Orbán’s annual visit to a Hungarian-language political conference at Tusnád in Romania, a spa town south of Miercurea Ciuc, has become a focal point of this political synergy. Each summer he delivers a keynote speech, and each year liberal opinion is horrified by the thump and punch of Orbán’s incendiary rhetoric, whilst mainstream opinion amongst Hungarian-speaking Transylvanians assents rapturously.

In the summer of 2022, Orbán extemporised a concept of racial purity, prompting the immediate resignation of one of his most loyal senior advisors (a move she, puzzlingly, later reversed) and strong public criticism from Romania’s president Klaus Iohannis. Last summer, Orbán’s speech focused — amongst other things — on baiting the Romanian state by appearing to question the territorial integrity of present-day Romania, breaking diplomatic protocol in the process.

Outside the gates of the 2023 campsite conference, local police held at bay a vocal crowd of flag-waving, placard-bearing Romanian-speakers, brandishing pugnacious slogans about Transylvania’s intrinsically Romanian nature. Whilst the protesters outside last summer’s event could easily be dismissed as inconsequential, Orbán’s prolonged campaign in Transylvania has raised substantial mainstream worries about the long-term effects of all this political campaigning.

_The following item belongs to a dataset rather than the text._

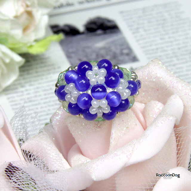 ビーズ リング コスチュームジュエリー ビーズアクセサリー ビーズリング キャッツアイ チェコビーズ ブルー

Whilst the newly-enfranchised Transylvanians constitute a stream of faithful postal votes for Fidesz in Hungarian parliamentary elections, those same Transylvanian voters are also vulnerable to being seen by the Romanian media and state as a foreign fifth column, undermining Romania’s status quo. A long-held suspicion that Hungarian individuals, businesses and government are acquiring too much influence in Transylvania is hard to disprove.

Currently the newly-enfranchised Hungarian citizens of Transylvania receive money from the Hungarian government on the birth of each new child. Their children can be educated free of charge in Hungarian government-funded facilities like the Angel Garden, and later at Hungarian-sponsored colleges such as the Sapientia University of Transylvania.

The Hungarian High Consulate to Miercurea Ciuc

In the context of Russia’s political machinations in Crimea before the annexation of 2014, and in eastern Ukraine prior to the 2022 invasion in which Moscow ensured fast-track Russian citizenship and passport-issuing, it’s hard not to be disturbed by some parallels with Orbán’s campaign in Transylvania — the more so given his unabashed affinity with Putin and his antagonism towards Ukraine.

What is the point at which Orbán recognises the limit of how far he can push his nation-building project in historically Hungarian territory? The reality of EU and NATO membership and a lack of economic heft mean the potential for Hungary to manipulate national borders could never succeed, even if such an agenda ever became part of the Fidesz project. That does not negate the potential instability caused by Orbán’s actions.

Orbán’s campaign to bring back into the national fold “stranded” Hungarians living in what have been foreign jurisdictions since 1920 is an unsettling and destabilising project. Whilst setting out to strengthen the heritage and culture of a historically fragmented and marginalised group of people, his project risks turning these new Hungarian citizens into vulnerable and manipulated foreigners in their home countries, increasingly withdrawn from participation in the mainstream of their homeland economies and politics.

Not everyone rises to the bait. Some voices in a more liberal and economically confident Romania articulate calmer perspective. As Dan Tăpălagă, a Romanian journalist, pointed out in July last year on the G4Media news website, “Orbán will leave at some point, Orbánism may survive for a whilst, but the Hungarians of Transylvania will stay here. It is Romania’s duty to take care of their future like any other of its citizens.”